Warren might not have seen it coming, but according to reports, he supported the Trump campaign. Trump also is an investor in Energy Transfer.
“Financial disclosures have shown that Trump has invested in the operator, Energy Transfer Partners, and that its CEO contributed to his campaign, though it is customary for sitting presidents’ assets to be held in a blind trust,” Global Data analyst Will Scargil said in a note published Wednesday.
According to a report in The Guardian newspaper, Trump has between $500,000 and $1 million invested in Energy Transfer Partners (ETP) and also has $500,000-1 million invested in Phillips 66, a stakeholder in Energy Transfer’s Dakota Access Pipeline.
“…I think overall, having a government that actually backs up what they say, that actually says, ‘we’re gonna support infrastructure; we’re gonna support job creation; we’re gonna support growth in America’ — and then actually does it. My god, this is going to be refreshing,” Warren said.

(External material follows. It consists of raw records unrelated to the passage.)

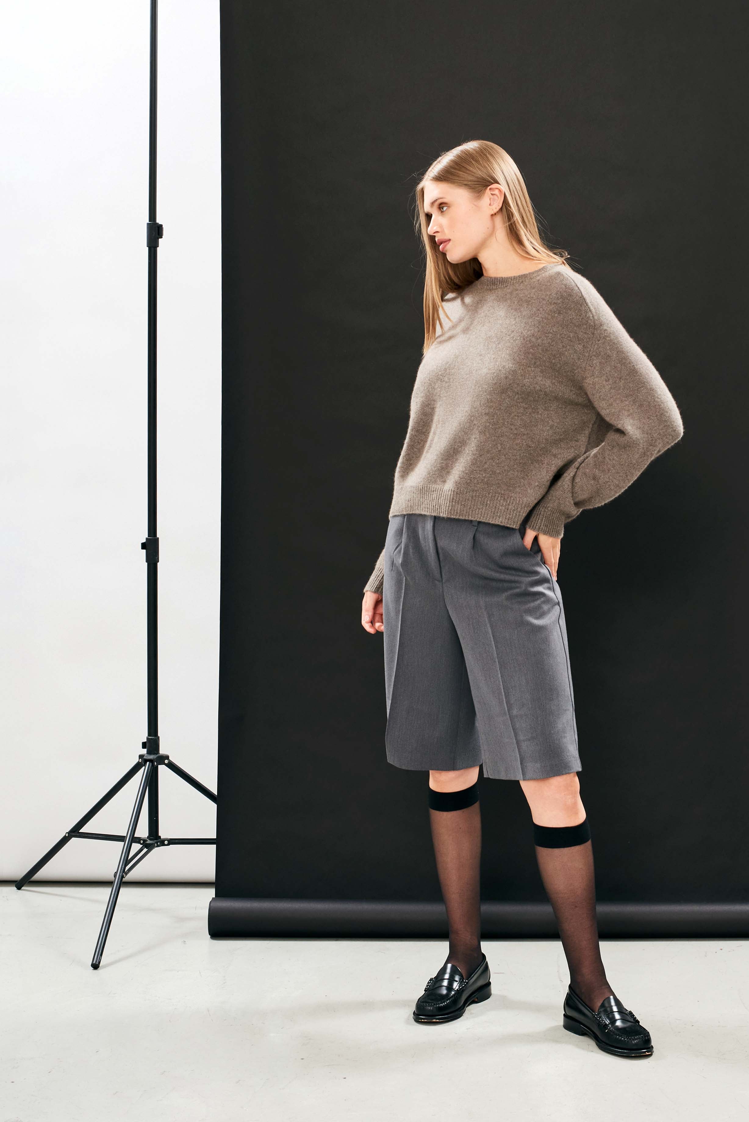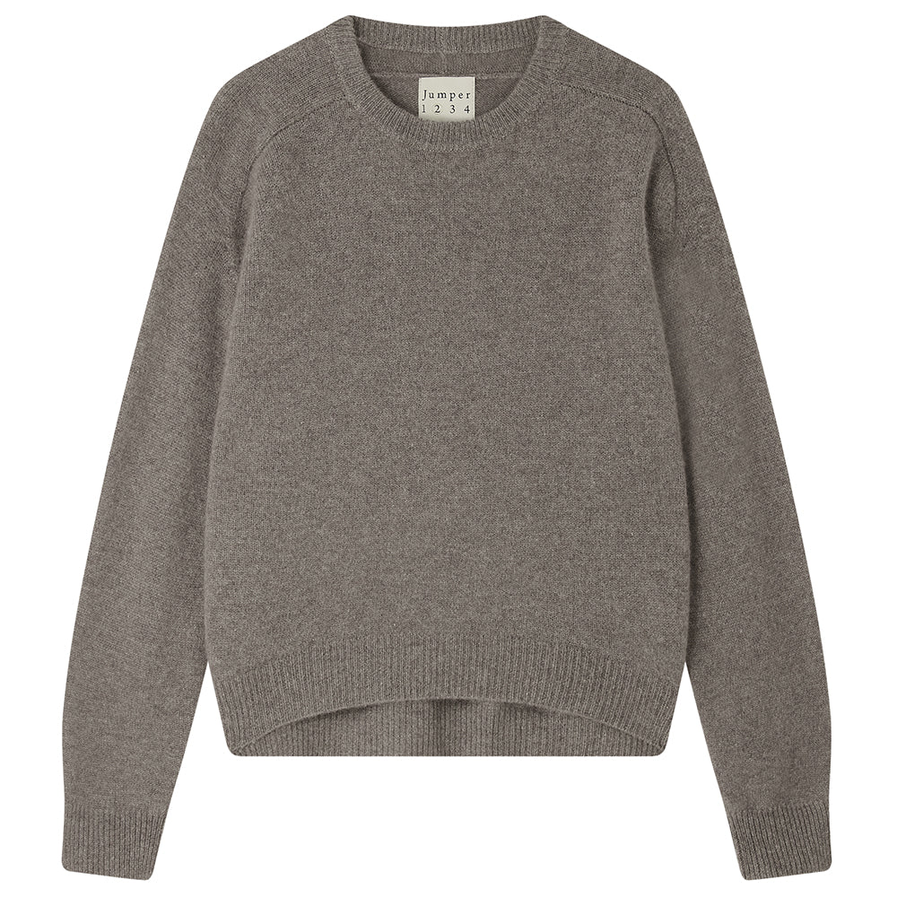 Jumper 1234 cashmere jumper. Our heavier weight cashmere crew neck in moose, with saddle shoulders and slightly longer at the back. Oversize fit and available in a mere 8 colours! Part of our core collection, those jumpers and cardigans in plain and stripe that you always need, but can't always find!
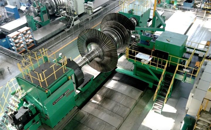 此外,汽轮机转子尺寸及精度要求极其严格,尤其是工件跳动精度的稳定性,直接影响汽轮机转子的可靠性。为攻破这一难题,研发人员从利用虚拟机床技术模拟分析齿圈受力状态、改进主轴支撑结构,到优化加工工艺、严格把控基础零件精度、创新装配工艺,最终实现了现场实测机床主轴端径跳0.005mm,完全满足转子加工需求。本产品同样适用于重型轴类及其它回转类零件,如大型电机轴、发电机轴、电机转子等零件的外圆面、圆锥面、端面、切槽、螺纹及回转曲面的车削加工。
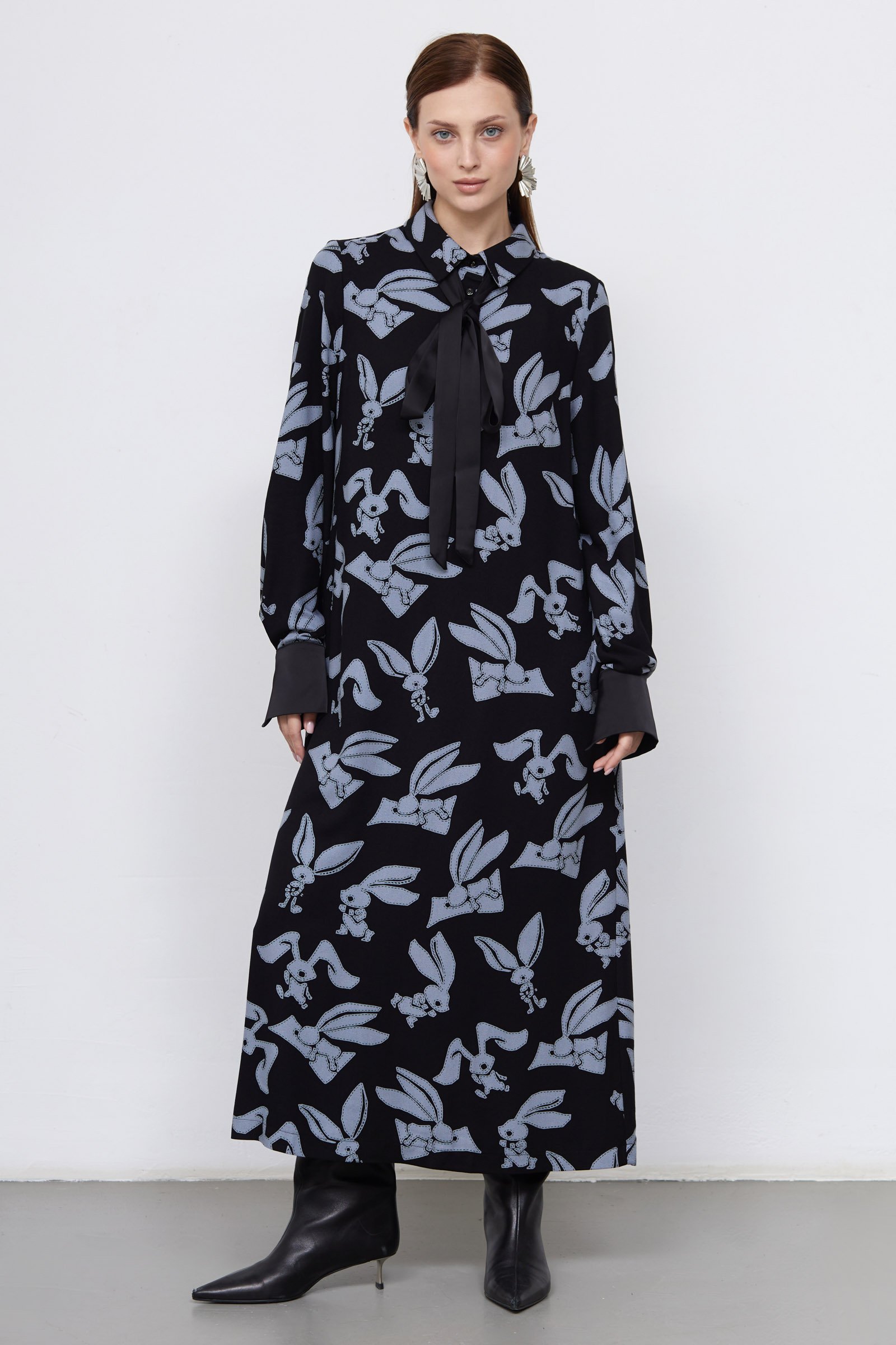 Длинное платье из креповой вискозы с фантазийным принтом и съемным атласным галстуком.
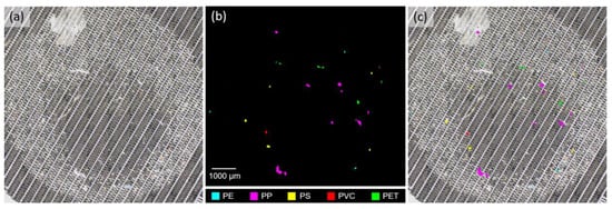 (a) Microplastics and other undigested matter extracted from human faeces on a stainless-steel sieve with 30 μm pores, (b) a two-dimensional array of colour-coded microplastics generated with an automated Raman mapping approach at a spatial resolution of 28.4 µm, and (c) the superimposed image of (a) and (b) to locate these particles, which were confirmed to be polyethylene (PE), polypropylene (PP), polystyrene (PS), polyvinyl chloride (PVC) and polyethylene terephthalate (PET).
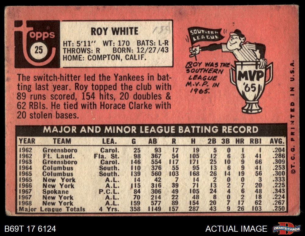 1969 Topps #25 Roy White 1.5 - FAIR
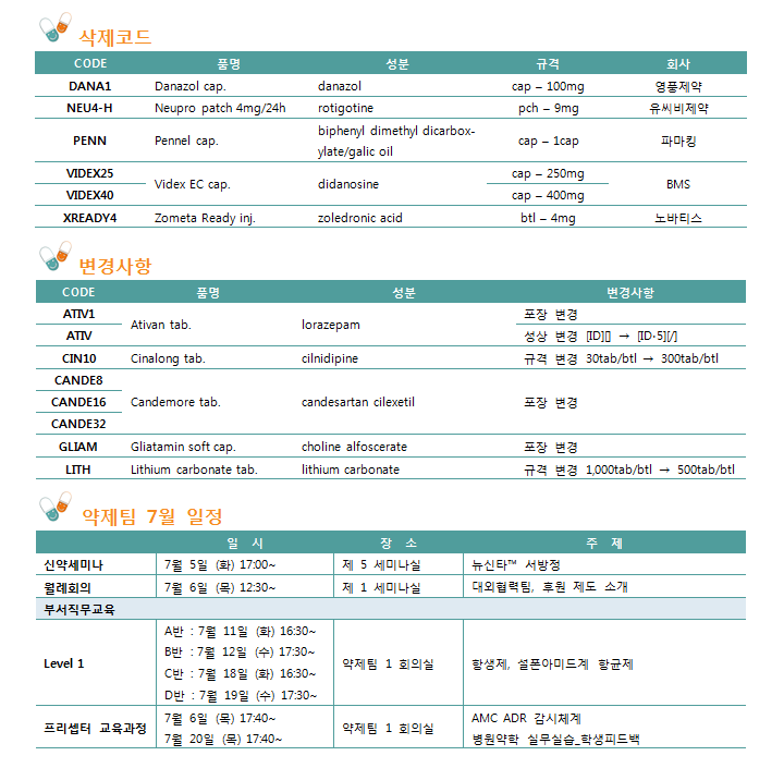 신약 정보 | 서울대학교병원운영 서울특별시보라매병원 약제부
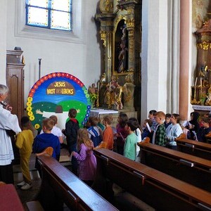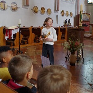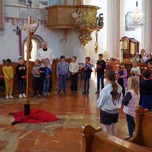 Wir hörten von einem Kind die Passions- und Ostergeschichte.
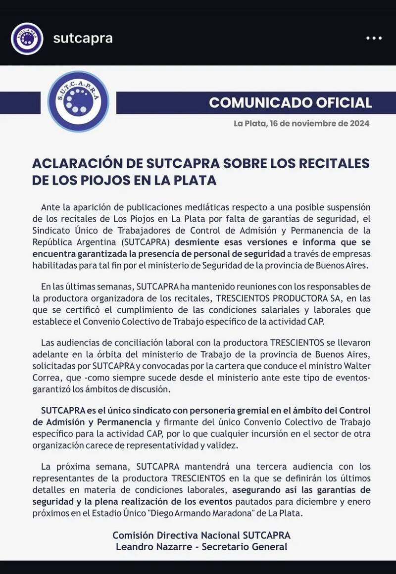 "SUTCAPRA ha mantenido reuniones con los responsables de la productora organizadora de los recitales, TRESCIENTOS PRODUCTORA S.A, en la que se certificó el cumplimiento de las condiciones salariales y laborales que establece el Convenio Colectivo de Trabajo específico de la actividad CAP", detallaron.
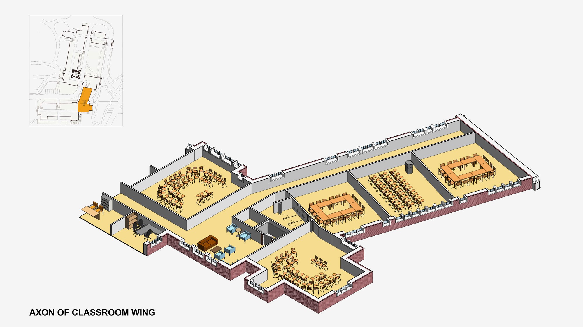 Research for the project included classroom utilization and mix analysis for the entire campus; interviews and discussions with faculty, students, and administration; investigation of physical conditions; and research into modern building code requirements.
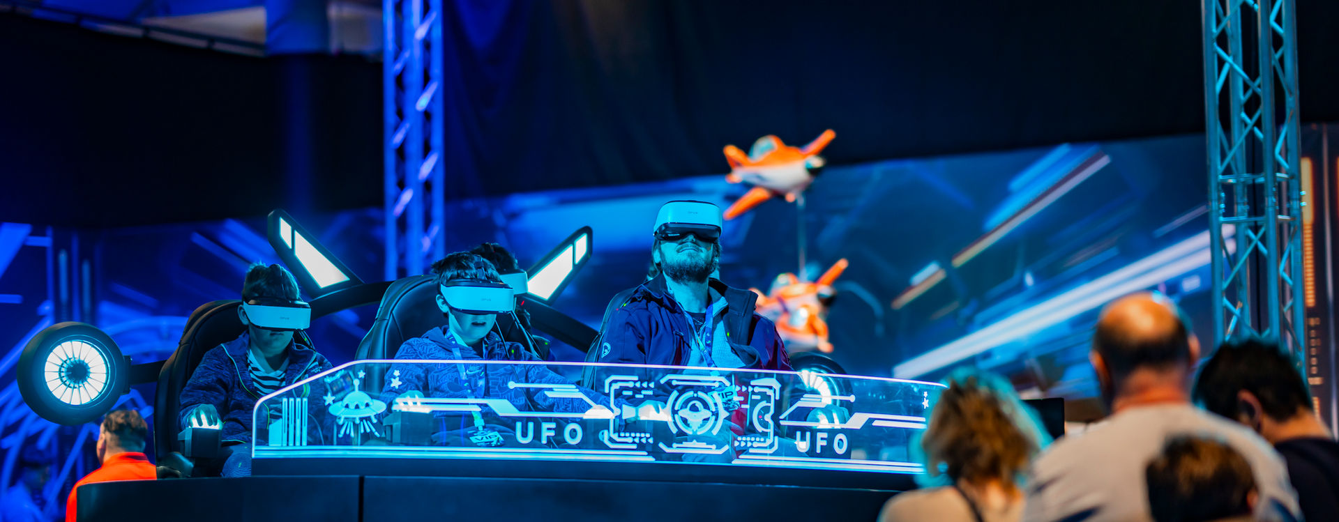 V našem SPACE Campu zažijete díky virtuální realitě více než 100 dobrodružství na vesmírných stanicích nebo průletů mezihvězdným prostorem.

Both ETP and Energy Transfer Equity (ETE) saw healthy gains in trading Wednesday following news of Trump’s win. ETE was up 17%, and ETP was up 11%. Investors are looking for regulatory progress on Energy Transfer projects Dakota Access Pipeline and Rover Pipeline and expect that to come from a more energy-friendly Trump administration.
“…I’m very, very enthusiastic about what’s going to happen with our country, very enthusiastic…” Warren said.
ETP reported third quarter net income of $138 million, a decrease of $255 million compared to the year-ago quarter, primarily due to a $308 million non-cash impairment of the partnership’s investment in the Midcontinent Express Pipeline.
ETE reported net income of $209 million compared to $293 million in the year-ago quarter. DCF, as adjusted, was $281 million compared to $325 million for the year-ago quarter. The decreases in net income and DCF, as adjusted, were primarily driven by an $85 million reduction in incentive distributions from ETP.